= Nina Thornhill =

British chemical engineer

Nina Frances Thornhill (born 1953) is a British chemical engineer specialising in process automation. She is a professor emerita in the Imperial College London Department of Chemical Engineering, where she formerly held the ABB/Royal Academy of Engineering Chair of Process Automation.

==Education and career==
Thornhill read physics at the University of Oxford, earning a bachelor's degree there in 1976. She earned a master's degree in control systems in 1983 from the Imperial College London Department of Electrical and Electronic Engineering, and completed her Ph.D. in 2005 through part-time study at University College London.

From 1976 to 1984, she worked in industry at Imperial Chemical Industries and British Aerospace.

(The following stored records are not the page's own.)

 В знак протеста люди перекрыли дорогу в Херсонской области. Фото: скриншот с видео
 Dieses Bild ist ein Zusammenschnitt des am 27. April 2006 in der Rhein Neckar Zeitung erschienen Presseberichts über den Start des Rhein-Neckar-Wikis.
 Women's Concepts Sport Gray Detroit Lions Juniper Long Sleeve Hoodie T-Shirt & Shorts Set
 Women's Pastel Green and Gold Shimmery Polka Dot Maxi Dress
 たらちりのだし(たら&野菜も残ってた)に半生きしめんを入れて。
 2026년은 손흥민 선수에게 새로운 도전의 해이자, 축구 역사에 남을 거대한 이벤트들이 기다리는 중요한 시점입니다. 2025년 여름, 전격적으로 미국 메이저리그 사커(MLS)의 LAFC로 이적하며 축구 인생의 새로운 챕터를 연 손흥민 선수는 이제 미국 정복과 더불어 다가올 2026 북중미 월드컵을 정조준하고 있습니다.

She returned to academia in 1984, as a lecturer in the University College London Department of Electrical and Electronic Engineering, where she was promoted to senior lecturer in 1991, and professor in 2003. In 2007 she returned to Imperial College London to take the ABB/Royal Academy of Engineering Chair of Process Automation. She retired as professor emerita in 2021.

==Recognition==
Thornhill was elected as a Fellow of the Royal Academy of Engineering in 2009, and is a Fellow of the International Federation of Automatic Control.

Imperial College London gave Thornhill the President's Award for Excellence in Research Supervision in 2017.

Thornhill won the Nordic Process Control Award in 2019, for her "novel contributions in research to developing innovative approaches, tools and methods for process monitoring, fault diagnosis and detection and optimal operation of large-scale production facilities".